Confidential Computing (CC) is great for AI since it allows you to run workloads on someone else’s hardware while keeping all your proprietary data secure. It doesn’t even allow the cloud provider to access your data.
But, it has an issue… Research has shown that Confidential Computing adds a significant performance overhead on GPUs.
This post walks through these overheads and tries to explain them in a simple manner.
How does Confidential Computing work on GPUs?
At a high level, confidential computing locks down the GPU by encrypting GPU memory and ensuring that all data moved in or out of the GPU is encrypted and authenticated. It even protects GPU to GPU communication.
This is great for security, but it fundamentally changes the way GPUs behave. GPUs are built to be fast when they do a lot of math, and they are fast when they can freely move data at high frequencies.
The big issue is that confidential computing changes how GPUs operate, forcing them to work in ways they weren’t designed for.
The Two Different Patterns of GPU Overhead
1. Memory Heavy AI workloads
Most modern AI workloads (especially LLMs) don’t just compute, but move data at high frequencies.

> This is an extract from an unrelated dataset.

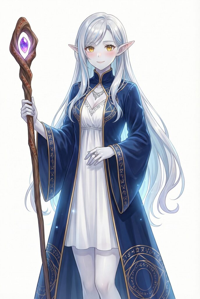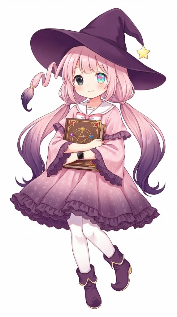 “她约莫十二岁,粉紫色双马尾神奇地一点泥土也不沾,轻飘飘的长裙泛着微微的魔法符文,符文仿佛在流动。她怀里紧紧抱着一本古朴的魔法书,手腕上还有一只时髦的智能手表。她突然睁开眼睛,黑黢黢的眼瞳里闪烁着奇异色彩。但没有说话。”

So, model weights are swapped in and out, attention caches keep being moved between CPUs and GPUs, and memory pressure forces frequent transfers.
But, with confidential computing, all the swaps must be encrypted and decrypted. So, the CPU becomes a bottleneck, leaving the GPU idle while it waits for data.
In one paper, latency was measured to peak at 36.2%, 52.8%, and 88.2% depending on model size and memory pressure.
https://arxiv.org/abs/2411.03357
And in another paper, confidential computing added around 54% to 903.9% (Wow…) slowdown when inferencing on a single GPU and around 10% to 455% overhead when training on a single GPU!
https://arxiv.org/abs/2410.15240
2. Training with Multiple GPUs
This is where things go crazy!
When training with multiple GPUs, GPUs frequently share small updates with each other to stay in sync. Additionally, each exchange is broken up into multiple small messages.
When using confidential computing, every single GPU message must be encrypted and decrypted, making lots of small messages extremely expensive.
Researchers measured an average of a 768% overhead and a maximum of 4060% overhead for the training workloads running on multiple GPUs.
https://arxiv.org/abs/2501.11771
When Should You Use Confidential Computing?
Given the significant overheads of using confidential computing, when should we use it?
Confidential computing is a great idea when a workload is very computation heavy and not very communication heavy. What we see across all the papers is that when running confidential computing, high communication between the GPU and CPU leads to significant slowdowns. So, if a workload spends most of its time doing math in the GPU, the slowdowns can become negligible.
You could also use systems designed around confidential computing. So, one example could be PipeLLM (https://arxiv.org/abs/2411.03357), which anticipates which data the GPU will require and encrypts them at the same time as the computation to reduce confidential computing overhead.
Conclusion
Before reading these papers, I didn’t really know the overhead of using confidential computing on GPUs. I mean, I knew there was some overhead, but never thought it would/could be this crazy. My surprise is what prompted me to write this blog post.
Confidential computing is great for security, but because it fundamentally changes how GPUs operate, it adds a significant performance overhead. Before deciding on confidential computing as a default solution, it is important to know when it is a good fit.